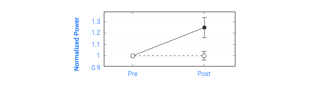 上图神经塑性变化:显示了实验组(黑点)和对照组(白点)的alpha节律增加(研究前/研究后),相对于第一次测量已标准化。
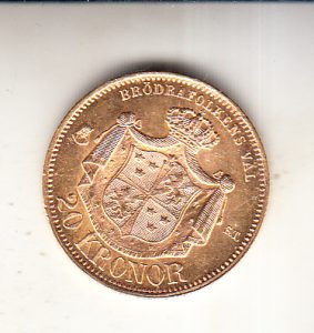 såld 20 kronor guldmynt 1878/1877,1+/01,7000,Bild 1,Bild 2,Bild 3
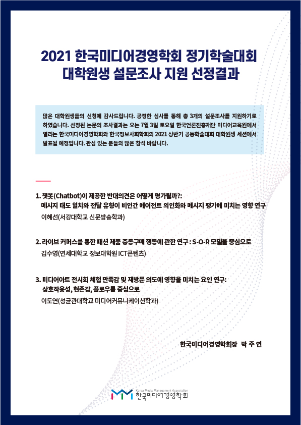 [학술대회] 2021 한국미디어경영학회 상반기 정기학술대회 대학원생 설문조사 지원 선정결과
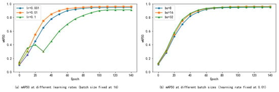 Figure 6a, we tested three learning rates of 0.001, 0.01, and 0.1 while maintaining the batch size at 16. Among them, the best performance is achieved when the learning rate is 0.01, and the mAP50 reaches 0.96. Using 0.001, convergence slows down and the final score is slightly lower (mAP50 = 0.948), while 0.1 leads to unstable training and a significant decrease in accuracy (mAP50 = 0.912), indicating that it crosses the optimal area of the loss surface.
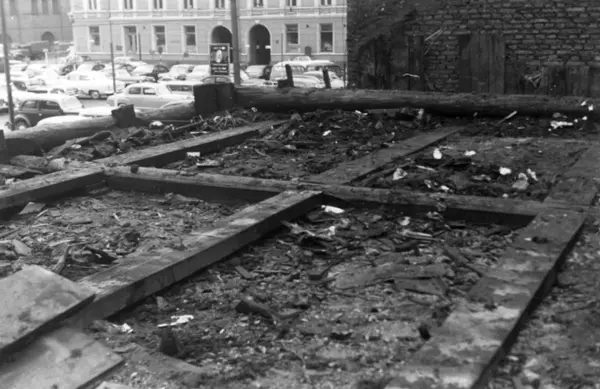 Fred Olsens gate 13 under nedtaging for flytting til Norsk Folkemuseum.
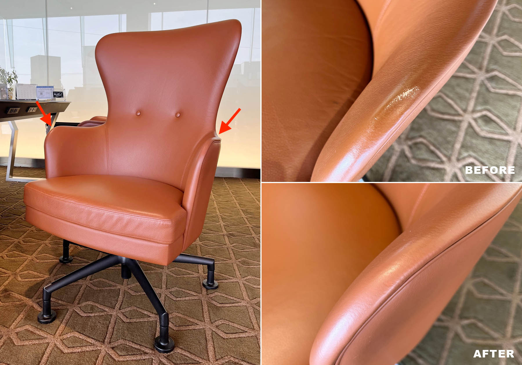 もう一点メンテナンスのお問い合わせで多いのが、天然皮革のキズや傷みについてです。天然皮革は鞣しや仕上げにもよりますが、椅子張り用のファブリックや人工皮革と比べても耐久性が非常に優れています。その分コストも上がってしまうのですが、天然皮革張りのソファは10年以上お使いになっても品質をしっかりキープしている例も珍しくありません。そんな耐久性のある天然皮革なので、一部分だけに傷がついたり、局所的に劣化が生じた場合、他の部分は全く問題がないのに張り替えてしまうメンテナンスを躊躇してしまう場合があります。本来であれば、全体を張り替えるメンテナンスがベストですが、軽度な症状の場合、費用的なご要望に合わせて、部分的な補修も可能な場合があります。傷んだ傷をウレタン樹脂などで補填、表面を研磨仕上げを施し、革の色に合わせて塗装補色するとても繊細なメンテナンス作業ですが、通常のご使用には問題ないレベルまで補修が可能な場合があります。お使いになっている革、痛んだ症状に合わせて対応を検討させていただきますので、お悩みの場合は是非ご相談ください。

> **TASK REQUIREMENTS**
Set down exactly the lines between the line containing "såld 20 kronor" and the end of the records above, both ends included; pictures stay out.

> **THE ANSWER**
 såld 20 kronor guldmynt 1878/1877,1+/01,7000,Bild 1,Bild 2,Bild 3
 [학술대회] 2021 한국미디어경영학회 상반기 정기학술대회 대학원생 설문조사 지원 선정결과
 Figure 6a, we tested three learning rates of 0.001, 0.01, and 0.1 while maintaining the batch size at 16. Among them, the best performance is achieved when the learning rate is 0.01, and the mAP50 reaches 0.96. Using 0.001, convergence slows down and the final score is slightly lower (mAP50 = 0.948), while 0.1 leads to unstable training and a significant decrease in accuracy (mAP50 = 0.912), indicating that it crosses the optimal area of the loss surface.
 Fred Olsens gate 13 under nedtaging for flytting til Norsk Folkemuseum.
 もう一点メンテナンスのお問い合わせで多いのが、天然皮革のキズや傷みについてです。天然皮革は鞣しや仕上げにもよりますが、椅子張り用のファブリックや人工皮革と比べても耐久性が非常に優れています。その分コストも上がってしまうのですが、天然皮革張りのソファは10年以上お使いになっても品質をしっかりキープしている例も珍しくありません。そんな耐久性のある天然皮革なので、一部分だけに傷がついたり、局所的に劣化が生じた場合、他の部分は全く問題がないのに張り替えてしまうメンテナンスを躊躇してしまう場合があります。本来であれば、全体を張り替えるメンテナンスがベストですが、軽度な症状の場合、費用的なご要望に合わせて、部分的な補修も可能な場合があります。傷んだ傷をウレタン樹脂などで補填、表面を研磨仕上げを施し、革の色に合わせて塗装補色するとても繊細なメンテナンス作業ですが、通常のご使用には問題ないレベルまで補修が可能な場合があります。お使いになっている革、痛んだ症状に合わせて対応を検討させていただきますので、お悩みの場合は是非ご相談ください。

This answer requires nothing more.